Its surprising to see PAMELA data explanation within the framework of NMSSM...

After PAMELA (A Payload for Antimatter Matter Exploration and Light-nuclei Astrophysics) data have come out its very common to find at least one paper on arXiv which carries an explanation for the observed positron excess observed by PAMELA. These positrons carry much more energy than usual ones coming from pulsars or other astrophysical sources. Thus the most promising explanation for their source is cold dark matter annihilation in the galactic halo. This however became a problem for particle physicists to explain in the context of most popular dark matter models like supersymmetric extension of standard model. In these models generally the Lightest Super-particle (LSP) protected by R-parity is the most favourite dark matter candidate. The trouble was that the LSP is generally the neutralino (combination of neutral gauginos and higgsinos) which is a majorana fermion and hence its annihilation to fermions will be helicity suppressed. Thus we expect dominance of heavier quarks as the final product after their annihilation rather than positrons as observed by PAMELA. That's why people started talking about various new models containing some hidden sector, dark force etc with a light gauge boson (~GeV) whose decay to heavy quarks is kinematically not favoured. I wont go on talking about them now. The standard reference is the paper by Arkani-Hmaed et al.(http://arxiv.org/abs/0810.0713).

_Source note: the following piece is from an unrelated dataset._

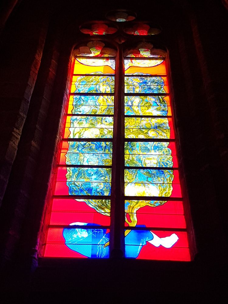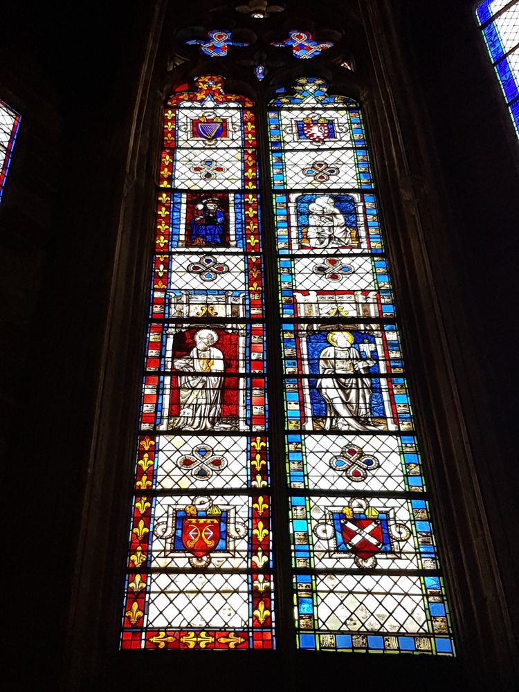Verrière composite XIV – XV de la chapelle Saint-Joseph acceuillant deux Vierges à l’enfant ainsi que Saint-Pierre et Saint-Paul. Il s’agit de la plus ancienne de l’édifice.

Today morning I was however surprised to see a paper by Bai, Carena and Lykken (Fermilab) (http://arxiv.org/abs/0905.2964) where they have come out with an explanation of PAMELA data within the NMSSM(Next to MSSM) framework. This looks more natural to me than those papers which talk about dark forces , hidden sectors etc. If we have an explanation within our own sector there is no point in bringing more complications by talking about one more force. In this paper they have proposed that the neutralinos(which is the LSP) annihilate most dominantly to the lightest CP-even scalar h_1 plus the lightest CP-odd scalar a_1. The annihilation takes place via resonance CP-odd scalar a_2. For LSP mass less than top quark mass a_2 will dominantly go to a_1 and h_1 and a_1 being light (~GeV) will go to \tau^+ \tau^- or \mu^+ \mu^- depending on its exact mass. Their parameter space is also in agreement with the null searches for light bosons like a_1. This paper is damn long. So far I am pretty convinced with their arguments and results. The good thing for me was the idea of resonance production. This is the first time I have seen this idea being implemented like this. If I get enough resources and time(and help from advisor as well as colleagues), will definitely try to use it in the context of other models as well.